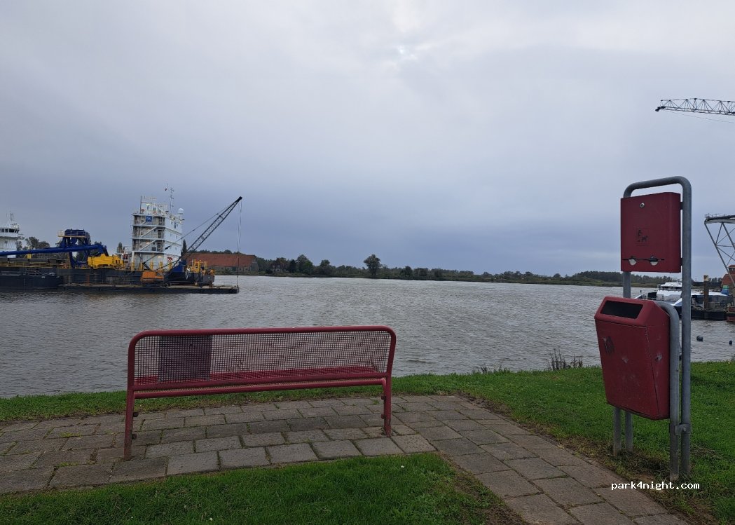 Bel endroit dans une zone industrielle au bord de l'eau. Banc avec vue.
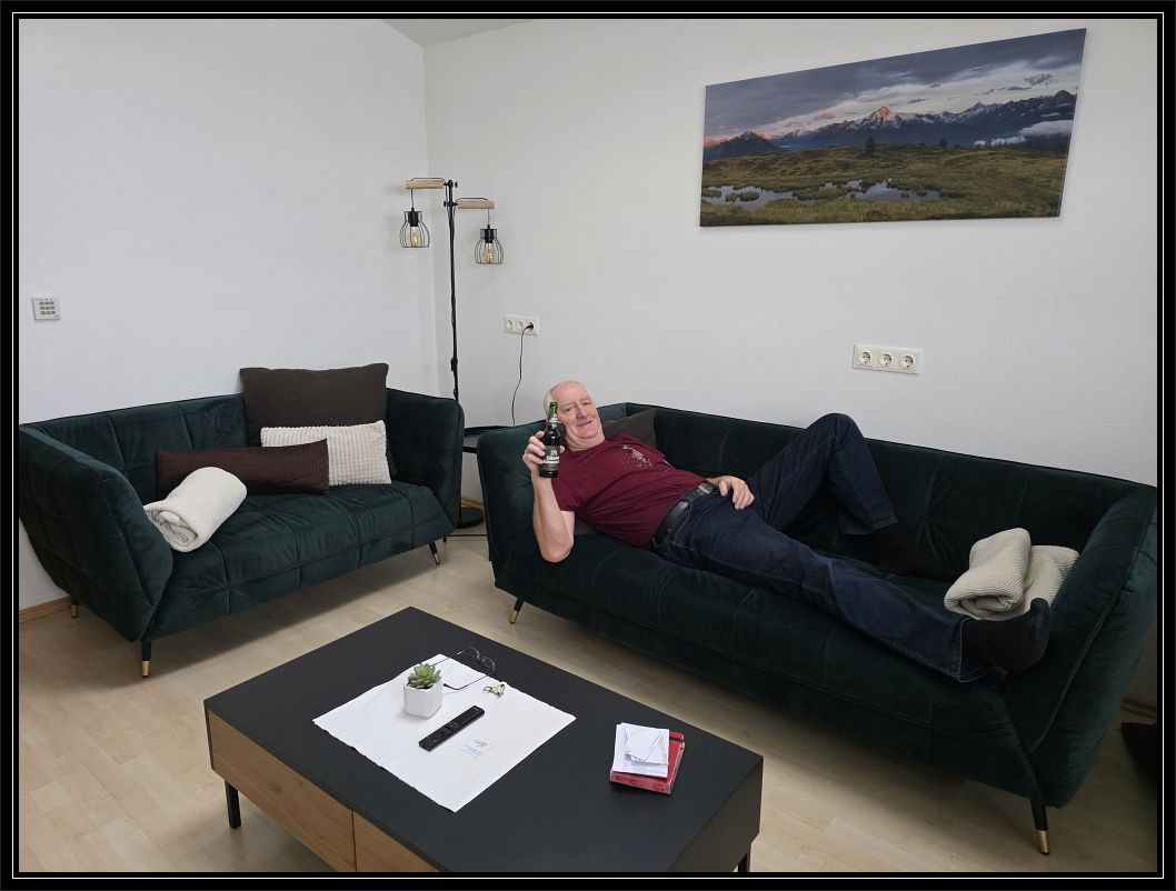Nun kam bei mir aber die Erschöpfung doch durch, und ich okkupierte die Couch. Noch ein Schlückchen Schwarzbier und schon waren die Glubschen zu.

= = = = = = =

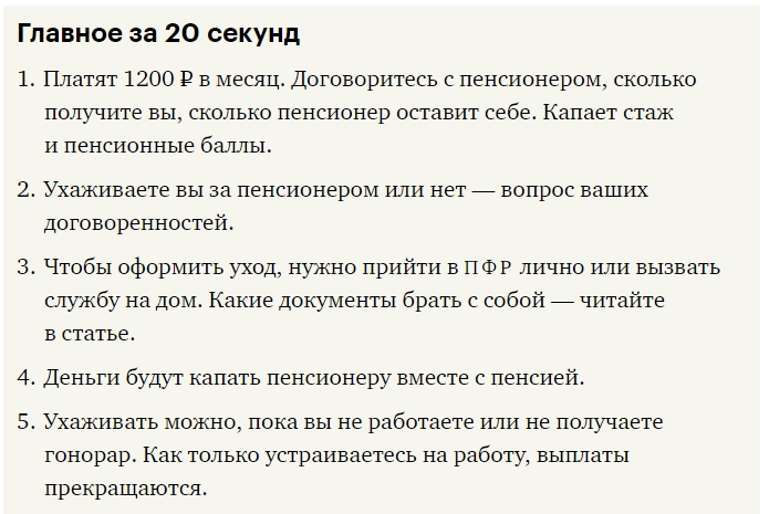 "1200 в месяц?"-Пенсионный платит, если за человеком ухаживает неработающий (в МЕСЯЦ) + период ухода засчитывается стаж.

= = = = = = =

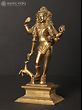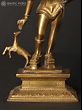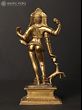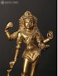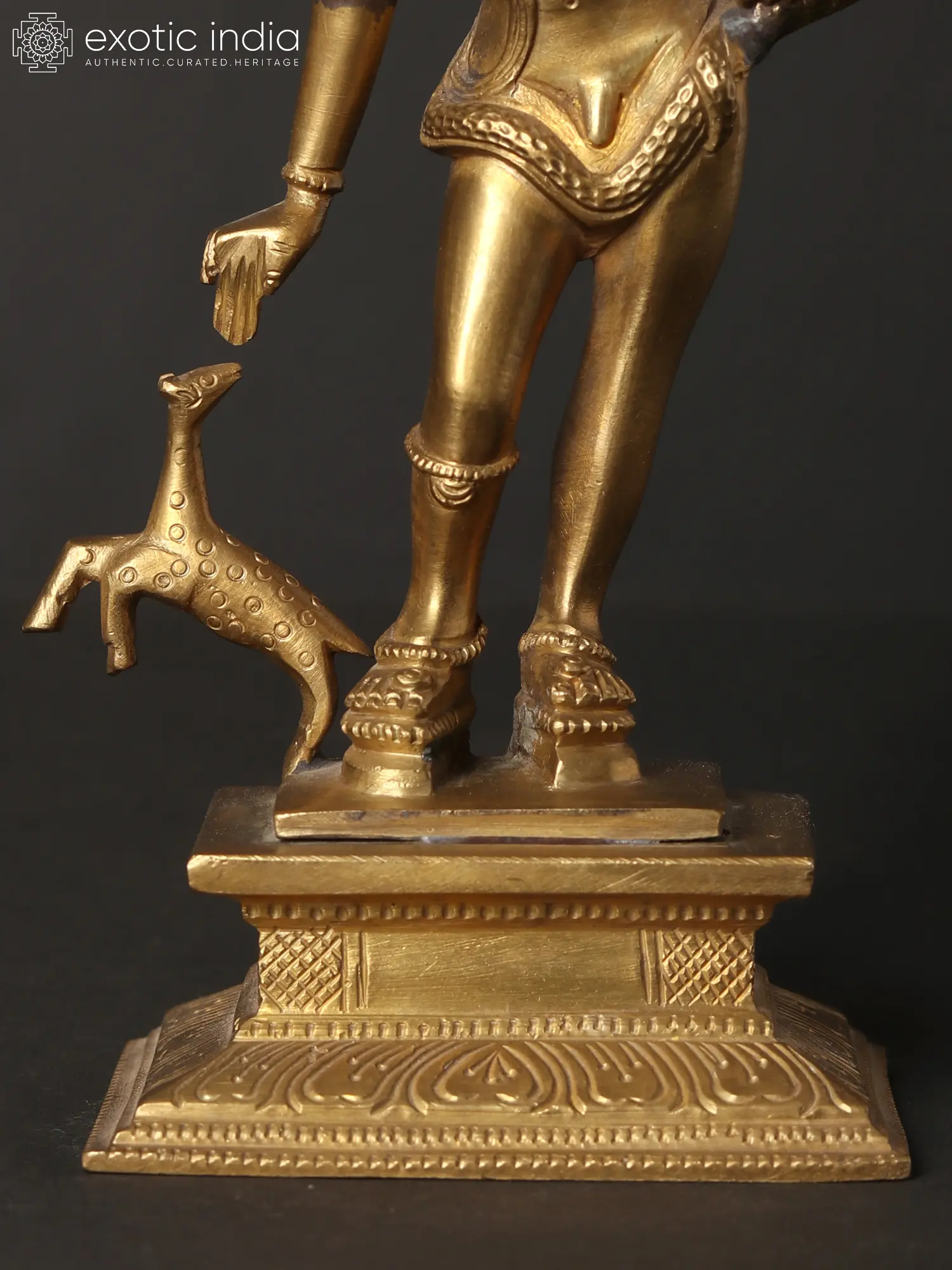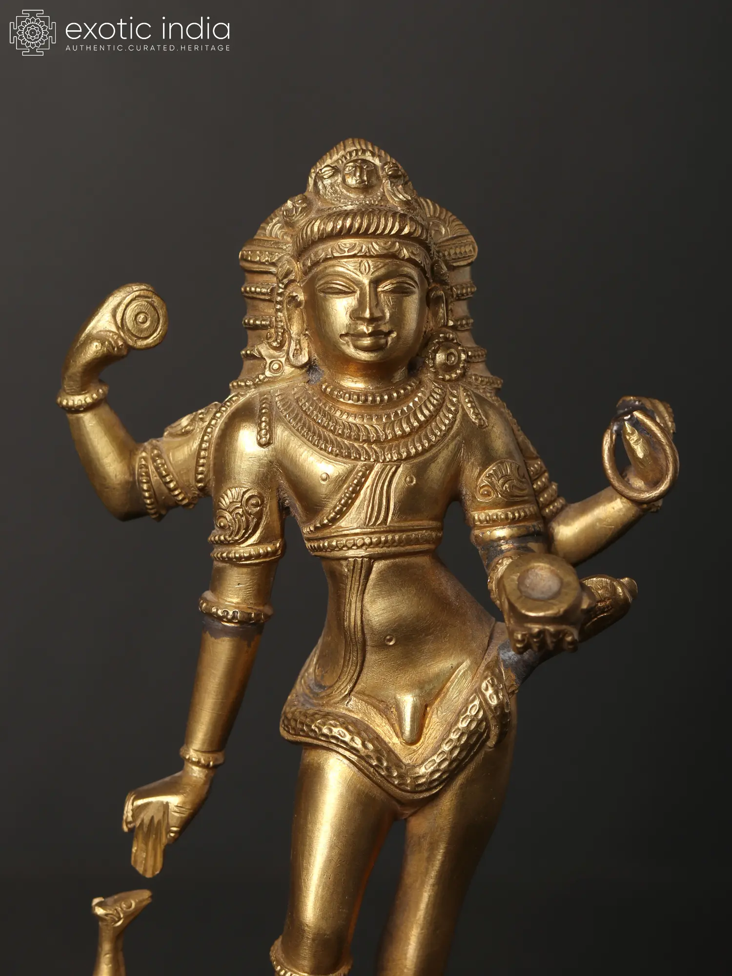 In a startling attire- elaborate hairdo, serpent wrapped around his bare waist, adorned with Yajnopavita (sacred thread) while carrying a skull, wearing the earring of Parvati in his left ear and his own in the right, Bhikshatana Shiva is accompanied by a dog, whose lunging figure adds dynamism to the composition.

= = = = = = =

*Problem requirements:* Print, exactly and with no pictures, the lines of the listing above starting at the one that has "Bel endroit dans" and ending at the one that has "Nun kam bei", both included.

*Finished exercise:*
 Bel endroit dans une zone industrielle au bord de l'eau. Banc avec vue.
Nun kam bei mir aber die Erschöpfung doch durch, und ich okkupierte die Couch. Noch ein Schlückchen Schwarzbier und schon waren die Glubschen zu.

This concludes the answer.